BEGIN

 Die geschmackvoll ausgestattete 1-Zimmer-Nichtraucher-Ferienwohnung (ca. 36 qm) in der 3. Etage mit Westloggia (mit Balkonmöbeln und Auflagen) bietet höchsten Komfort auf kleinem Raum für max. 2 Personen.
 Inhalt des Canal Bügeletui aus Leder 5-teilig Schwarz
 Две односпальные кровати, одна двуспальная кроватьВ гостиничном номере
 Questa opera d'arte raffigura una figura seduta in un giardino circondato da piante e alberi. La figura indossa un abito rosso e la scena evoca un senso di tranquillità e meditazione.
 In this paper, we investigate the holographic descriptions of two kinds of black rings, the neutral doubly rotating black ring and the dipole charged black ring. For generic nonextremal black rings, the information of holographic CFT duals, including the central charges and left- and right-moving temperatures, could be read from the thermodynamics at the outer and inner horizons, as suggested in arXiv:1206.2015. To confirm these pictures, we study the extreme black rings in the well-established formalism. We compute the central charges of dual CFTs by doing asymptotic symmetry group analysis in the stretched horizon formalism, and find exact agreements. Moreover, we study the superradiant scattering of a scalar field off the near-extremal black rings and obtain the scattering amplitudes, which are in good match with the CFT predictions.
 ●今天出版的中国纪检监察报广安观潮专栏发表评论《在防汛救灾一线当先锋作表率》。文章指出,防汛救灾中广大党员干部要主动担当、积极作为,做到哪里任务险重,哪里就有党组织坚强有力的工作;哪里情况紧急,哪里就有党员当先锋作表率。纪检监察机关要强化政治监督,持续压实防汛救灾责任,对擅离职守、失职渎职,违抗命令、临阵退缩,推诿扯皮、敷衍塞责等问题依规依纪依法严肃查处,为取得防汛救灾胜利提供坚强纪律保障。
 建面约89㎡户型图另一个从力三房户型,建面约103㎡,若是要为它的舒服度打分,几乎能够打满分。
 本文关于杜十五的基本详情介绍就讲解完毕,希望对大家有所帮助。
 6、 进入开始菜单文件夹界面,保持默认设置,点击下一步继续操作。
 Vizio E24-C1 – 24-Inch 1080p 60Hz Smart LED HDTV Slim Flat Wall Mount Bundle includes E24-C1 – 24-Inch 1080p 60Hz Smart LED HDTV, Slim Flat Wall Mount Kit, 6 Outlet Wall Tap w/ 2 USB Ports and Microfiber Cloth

END

| Task to complete |
Exactly repeat the lines above, from the opening line through the one with "Questa opera d'arte", and include nothing else.

| Response below |
 Die geschmackvoll ausgestattete 1-Zimmer-Nichtraucher-Ferienwohnung (ca. 36 qm) in der 3. Etage mit Westloggia (mit Balkonmöbeln und Auflagen) bietet höchsten Komfort auf kleinem Raum für max. 2 Personen.
 Inhalt des Canal Bügeletui aus Leder 5-teilig Schwarz
 Две односпальные кровати, одна двуспальная кроватьВ гостиничном номере
 Questa opera d'arte raffigura una figura seduta in un giardino circondato da piante e alberi. La figura indossa un abito rosso e la scena evoca un senso di tranquillità e meditazione.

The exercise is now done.